The above visualization gives us an idea in count, now we should consider percentages and composition.
```{r Layoffs distribution}
dataGroupedByCountryPercentage <- dataGroupedByCountry %>%
mutate(across(where(is.numeric), ~ formattable::percent(./sum(.)))) %>%
arrange(desc(Total_Laid_Off)) %>%
top_n(20)
ggplot(dataGroupedByCountryPercentage, aes(x="", y=Total_Laid_Off, fill=Country)) +
geom_bar(stat="identity", width=1, color="white") +
coord_polar("y", start=0)
```
The above pie chart gives us the distribution of layoffs taking place across the top 20 countries.

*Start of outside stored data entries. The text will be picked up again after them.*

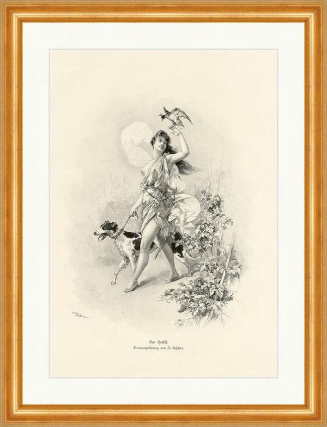 Der Herbst St. Rejchan Vogel Hund Pfeile Falknerin Falke Tiere Holzstich A 0795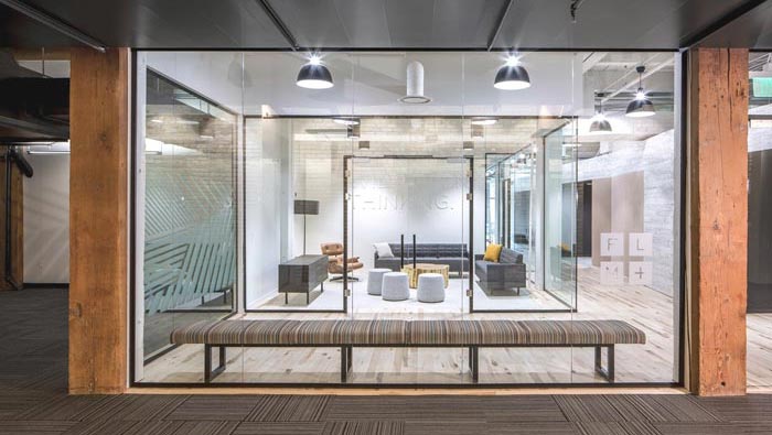800平方辦公室動線設計:此處給人的第一感覺就是十分明朗,當客戶想要直接參觀企業(yè)的時候,向右轉(zhuǎn)可以直接進入室內(nèi),接待區(qū)域本身就是一個過渡空間,這樣的布局就是將兩種情況都加以考慮,并再設計的時候加以結(jié)合,在客戶前面想到并解決這個問題,以此保證整個空間的暢通。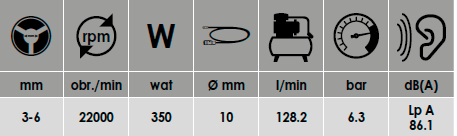 - Prędkość obrotowa do [1/min]: 22000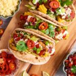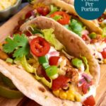 Not that anyone will really notice, but these healthy Chicken Tacos contain a hefty portion of veggies in form of lettuce, tomatoes, avocado, sweetcorn and spring onions. They just feel so at home in the tacos (Wraps? Tortillas?), you won’t even realise you are eating healthy. That’s exactly how I lost 70lb within 1 year: sneaking more plants into my meals in ways I really enjoy.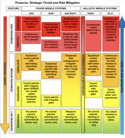 Gower's final professional naval post as Rear Admiral, in 2011-14, was to serve as Former Assistant Chief of Defence Staff (Nuclear, Chemical, Biological) in the United Kingdom Ministry of Defence.[8][9] In that role, Gower presided over the 2013 publication of the HM Government Trident Alternatives Review.[10] Having commanded nuclear-armed submarines, Gower was attentive to these weapons systems' role in the United Kingdom, as well as in NATO's strategic defenses. This report analyzes the role and credibility of nuclear deterrence and contrasts the effectiveness of various nuclear weapons systems.[10]: 4  Examining the topic of "credibility and constraints," the document puts forward clear statements about the nature of the UK's nuclear doctrine, deterrence credibility, extended and collective deterrence relevant to NATO, and legal constraints. The report delivers a detailed analysis of various nuclear warhead delivery platforms from large aircraft and submarines to mobile ballistic missile launchers.[10]: 16-17  It also compares different types of warheads from free fall bombs and cruise missile bombs to the UK Trident bomb.[10]: 19  It assesses several nuclear deterrence postures and credibility criteria, and considers the vulnerability of second strike forces. The Report concludes with a diagrammatic figure contrasting nuclear deterrence attributes of cruise and ballistic missiles, showing how as the perception of the threat of attack rises, the risks of attack are mitigated by increasing the readiness of deterrent forces.[10]: 58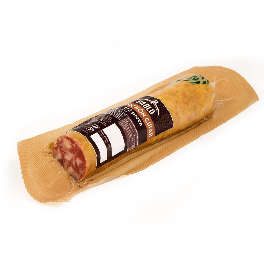 Mitad de la pieza original con un tamaño más grueso de la pieza y de la piel (natural en nuestro caso) que se usa en este salchichón permite un corte más uniforme y fino. El peso de esta pieza en este medio formato está en torno a 800g.

United States constitutes almost 65% of the total layoffs all across the world.
Now we look at the distribution of layoffs among the funding stage in each of the top 20 countries.
```{r Funding Stage with respect to layoffs and countries}
dataTop20Countries <- data[data$Country %in% dataGroupedByCountryPercentage$Country,]
dataTop20Countries %>%
ggplot(aes(fill=Stage, y=Country, x=Laid_Off_Count)) +
geom_bar(position="stack", stat="identity")
```
As can be seen from the graph, companies at the funding stage of IPO have one of the highest layoffs count.
## Limitations
I believe the current analysis and visualizations have the following limitations :-
* The Funding stage graph needs to be clearer, maybe separated out for each of the top countries?
* More visualations can probably used with a few other graph options that I have yet to explore to give a more clearer picture of the data analysis.